START Material shown
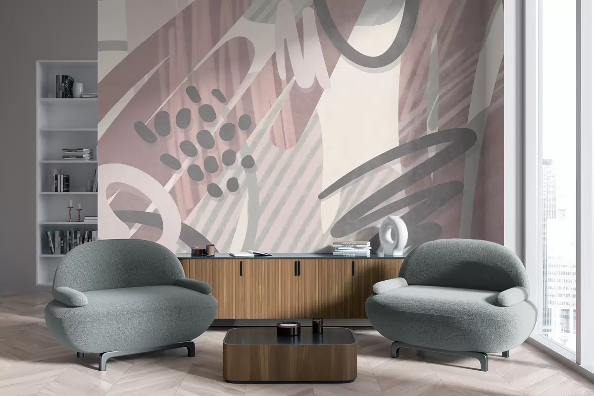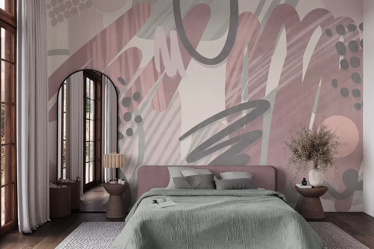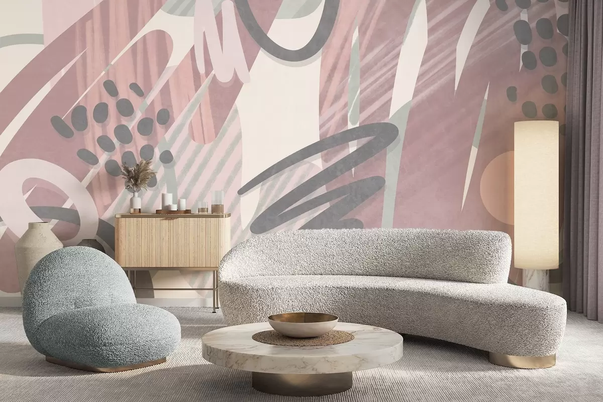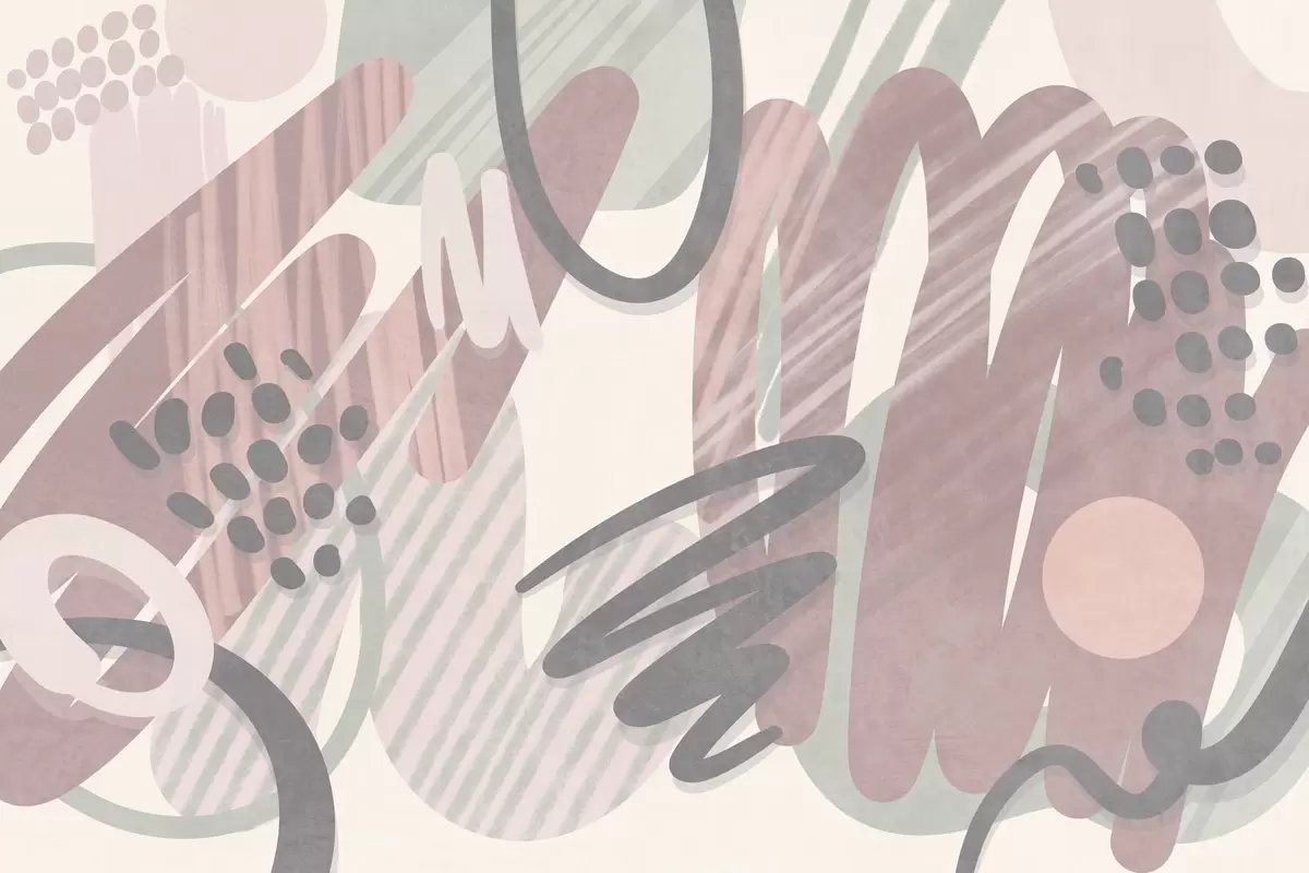Fototapeten Abstrakter Strukturdruck mit organischen Formen, Kritzeleien und Punkten in gedeckten Pastelltönen N° w09774v1
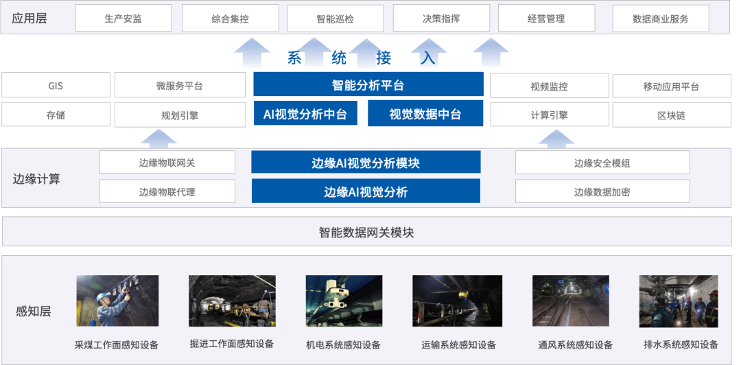 礦山業務場景復雜,其安全管理對風險和隱患發現的及時性、穩定性要求較高,人工智能是否能真正落地取決于在實際業務場景下算法模型是否具有較高的場景成熟度。集團、企業、礦井的管理職責不同,需要能滿足不同需求的行業解決方案,鯤云科技推出算力、算法、平臺一體化的礦山 AI 視頻分析解決方案,覆蓋露天礦山、井工礦山全場景智能化視頻分析需求。
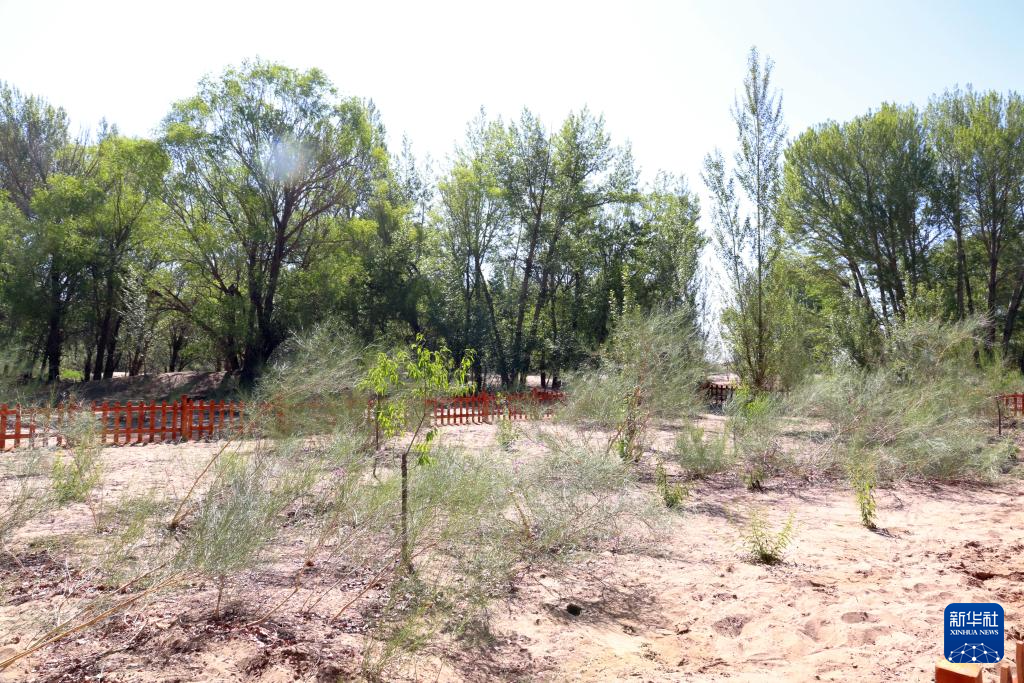 杜文化告诉记者,经过几代人的艰辛付出,林场逐渐摸索出以林挡沙、以草固沙、林草叠加综合治理的模式,将人工造林与封禁管理相结合,初步形成“网、带、片”与“乔、灌、草”相结合的沙地治理格局。林场还总结出荒漠原生树种造林、冷藏苗避风造林、高压水打孔造林等技术,形成防风、固沙、锁边等一整套综合治沙的“好法子”。
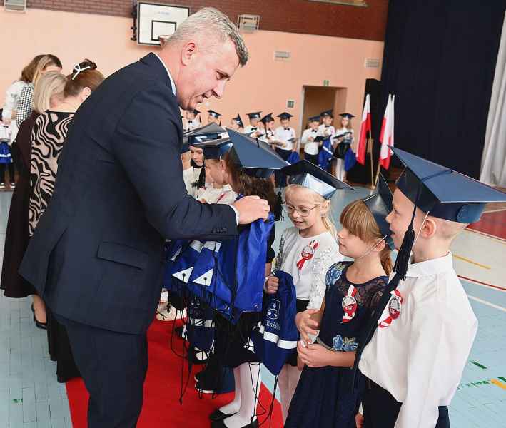 W wydarzeniu uczestniczył burmistrz Dariusz Meresiński, który pogratulował dzieciom tego ważnego dnia i wręczył im pamiątkowe upominki. To był dzień pełen wzruszeń, radości i uśmiechów! Powodzenia, drodzy pierwszoklasiści przed Wami piękna szkolna przygoda!
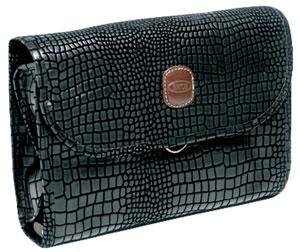 The Bric's Tri-Fold Traveler is must-have organizational item for those who travel frequently. The traveler measures 12 inches x 8 inches x 4 inches. This accessory is fully lined with polyester. The interior contains multiple zip pockets that are see-through to easily ensure all your belongings are where they should be. The interior pockets can fit all necessary toiletry accessories such as shampoo bottles, hygiene accessories, and even a small hair dryer. The traveler contains metallic snap closures and includes a hanging hook. Made in Italy.
END Material shown
:: Exercise brief ::
Set down each entry above word for word, without its pictures.

:: Response to the task ::
Fototapeten Abstrakter Strukturdruck mit organischen Formen, Kritzeleien und Punkten in gedeckten Pastelltönen N° w09774v1
 礦山業務場景復雜,其安全管理對風險和隱患發現的及時性、穩定性要求較高,人工智能是否能真正落地取決于在實際業務場景下算法模型是否具有較高的場景成熟度。集團、企業、礦井的管理職責不同,需要能滿足不同需求的行業解決方案,鯤云科技推出算力、算法、平臺一體化的礦山 AI 視頻分析解決方案,覆蓋露天礦山、井工礦山全場景智能化視頻分析需求。
 杜文化告诉记者,经过几代人的艰辛付出,林场逐渐摸索出以林挡沙、以草固沙、林草叠加综合治理的模式,将人工造林与封禁管理相结合,初步形成“网、带、片”与“乔、灌、草”相结合的沙地治理格局。林场还总结出荒漠原生树种造林、冷藏苗避风造林、高压水打孔造林等技术,形成防风、固沙、锁边等一整套综合治沙的“好法子”。
 W wydarzeniu uczestniczył burmistrz Dariusz Meresiński, który pogratulował dzieciom tego ważnego dnia i wręczył im pamiątkowe upominki. To był dzień pełen wzruszeń, radości i uśmiechów! Powodzenia, drodzy pierwszoklasiści przed Wami piękna szkolna przygoda!
 The Bric's Tri-Fold Traveler is must-have organizational item for those who travel frequently. The traveler measures 12 inches x 8 inches x 4 inches. This accessory is fully lined with polyester. The interior contains multiple zip pockets that are see-through to easily ensure all your belongings are where they should be. The interior pockets can fit all necessary toiletry accessories such as shampoo bottles, hygiene accessories, and even a small hair dryer. The traveler contains metallic snap closures and includes a hanging hook. Made in Italy.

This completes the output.